Gene expression changes are associated with loss of kidney graft function and interstitial fibrosis and tubular atrophy: diagnosis versus prediction

Abstract

Background: Loss of kidney graft function due to interstitial fibrosis (IF) and tubular atrophy (TA) is the most common cause of kidney allograft loss.

Methods: One hundred one allograft tissues (26 samples with IF/TA, 17 normal allografts, and an independent biopsy group collected at 3 month [n=34] posttransplantation) underwent microarray analysis to identify early detection/diagnostic biomarkers of IF/TA. Profiling of 24 allograft biopsies collected at or after 9-month posttransplantation (range 9-18 months) was used for validation. Three-month posttransplantation biopsies were classified as IF/TA nonprogressors (group 1) or progressors (group 2) using graft function and histology at 9-month posttransplantation.

Results: We identified 2223 differentially expressed probe sets between IF/TA and normal allograft biopsies using a Bonferroni correction. Genes up-regulated in IF/TA were primarily involved in pathways related to T-cell activation, natural killer cell-mediated cytotoxicity, and programmed cell death. A least absolute shrinkage and selection operator model was derived from the differentially expressed probe sets, resulting in a final model that included 10 probe sets and had 100% training set accuracy. The N-fold crossvalidated error was 2.4% (sensitivity 95.8% and specificity 100%).
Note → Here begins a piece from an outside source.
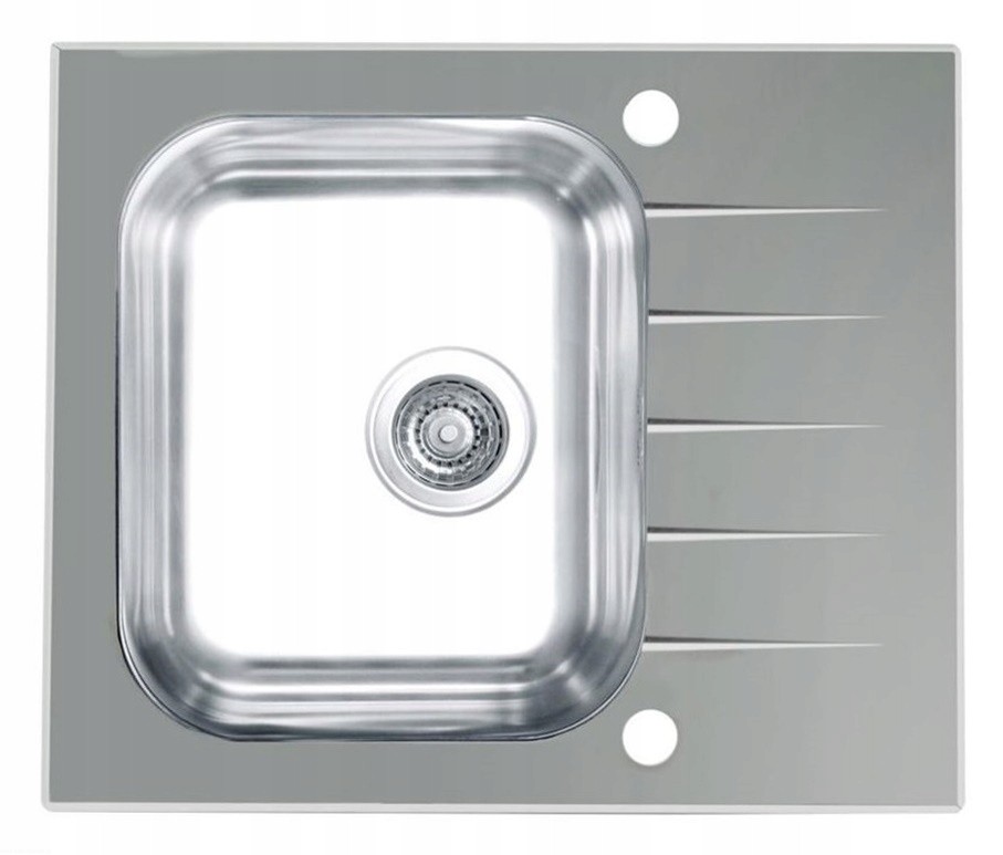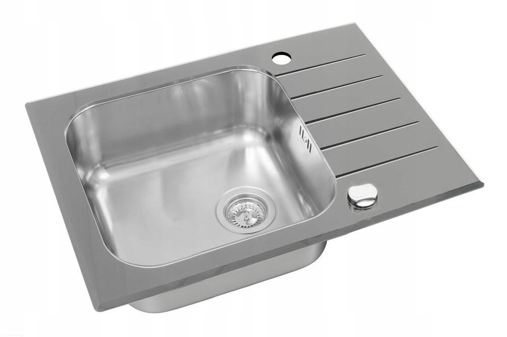 Zlewozmywak szklany stalowy jednokomorowy wpuszczany w blat z ociekaczem

When 3-month biopsies were tested using the model, all the samples were classified as normal. However, evaluating gene expression of the 3-month biopsies and fitting a new penalized model, 100% sensitivity was observed in classifying the samples as group1 or 2. This model was evaluated in the sample set collected at or after 9-month posttransplantation.
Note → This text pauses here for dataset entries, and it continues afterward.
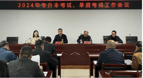 3月25日下午,我院在行政楼第三会议室召开2024年专升本、单招工作会议。副院长张俊才出席会议,党委办公室、行政办公室、宣传部、纪委及相关部门和系部主要负责人参会,会议由副院长朱东煜主持。
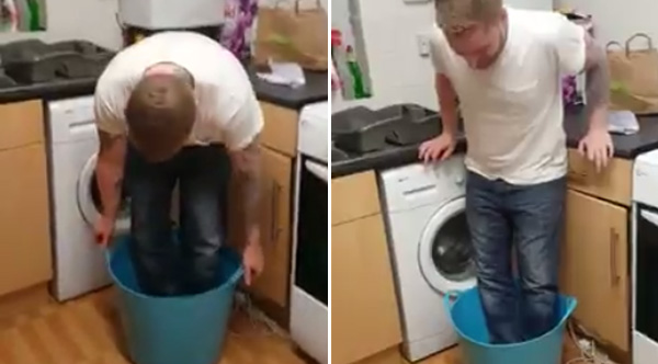 Girlfriend Can't Stop Laughing At Her Boyfriend Trying To Lift His Own Body Weight In A Bucket
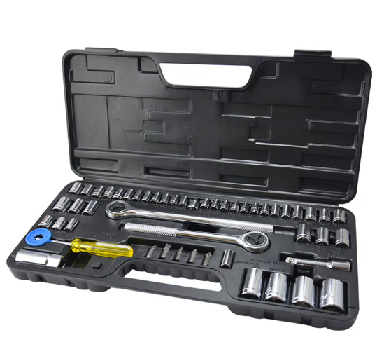 Juego 52 piezas copas -ratchet- extensión-atornillador-manija Discover, es la herramienta ideal para talleres en los que se requieran soltar o ajustar tuercas o tornillos, es un kit de 52 piezas con copas milimétricas y en pulgadas para adaptarse a la medida requerida, con extensor para facilitar soltar o ajustar tuercas o tornillos de difícil acceso, destornillador con acoplador de puntas en estrella y pala, cuenta con estuche plástico para facilitar su almacenamiento y transporte.
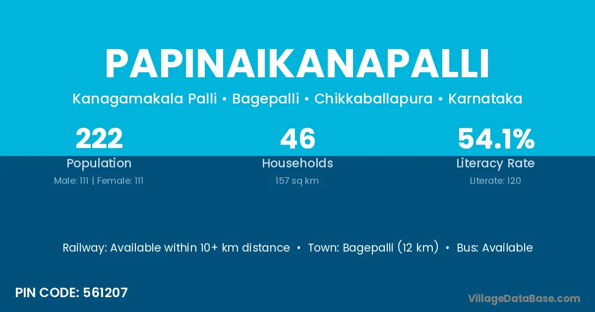Bagepalli (12 km) is the nearest town to Papinaikanapalli village for major economic activities and is located approximately 12 km away.
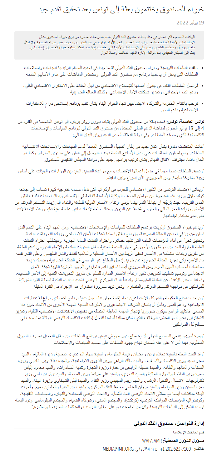 البيان الختامي لبعثة خُبراء صُندوق النّقد الدّولي إلى تُونس في يوليو 2022
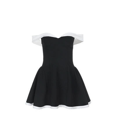 Off shoulder zip-up contrast tube mini dress

Conclusions: An IF/TA gene expression signature was identified, and it was useful for diagnosis but not prediction. However, gene expression profiles at 3 months might predict IF/TA progression.

Figure 1 –. Study design.

The design includes a two step study. In the step 1, a molecular signature of IF/TA samples is established when compared with normal NA biopsies. A volcano plot from the IF/TA vs. NA comparison where the difference between average RMA expression between IF/TA and NA is plotted on the x-axis and –log₁₀(P-value) is plotted on the y-axis. Blue points correspond to probe sets significant using a Bonferroni correction (upper right panel of the Figure). After establishing a the IF/TA signature, a LASSO model was derived from the differentially expressed probesets, resulting in a final model of 10 probesets with 100% training set accuracy. Using N-fold cross-validation, the 41 different LASSO models included an average of 8 probesets (range 2 to 12). The N-fold cross-validated error was 2.4% with only 1 IF/TA sample being misclassified (sensitivity 95.8%, specificity 100%). However, when the final LASSO model was applied to gene expression data from an independently collected set of protocol biopsies (34 biopsies taken at 3-months post-transplantation) to test the predictive ability of the detected gene expression changes, all samples were classified as NA. In a second step, 34 arrays collected at 3 months, were segregated into 2 groups based on eGFR histological findings at 9-months post-transplantation and: Group 1 (G1) had 24 samples with eGFR >45 mL/min and normal histology, and Group 2 (G2) included 10 samples with eGFR ≤45 mL/min and IF/TA (IF (ci≥1) and TA (ct≥1) involves more than 25% of the cortical area. A volcano plot from the G1 vs. G2 comparison where the difference between average RMA expression between G1 and G2 is plotted on the x-axis and –log₁₀(P-value) is plotted on the y-axis. Blue points correspond to probe sets significant using a Bonferroni correction (botton right panel of the Figure). Also, a LASSO model was derived from the differentially expressed probesets, resulting in a final model of 17 probesets with 100% training set accuracy. Finally, the model was tested in an independent set of samples.

Figure 2 –

Heatmap and dendograms after applying hierarchical clustering using Ward’s method with 1-|ρ| as the dissimilarity measure to the 80 probe sets retained from the max-min filter. Cluster 1 includes 15 NA and 1 IF/TA sample; Cluster 2 includes 20 IF/TA and no NA samples; and Cluster 3 includes 2 NA and 4 IF/TA samples. The color bar indicates the sample classification: Blue = NA; Red = IF/TA.

Figure 3 –

Canonical pathways identified from the differentially expressed genes. Each bar represents the percentage of up-regulated (red) or down-regulated (green) or unaffected/undetected (white) genes within the identified pathway. The line represents the –log(p-value).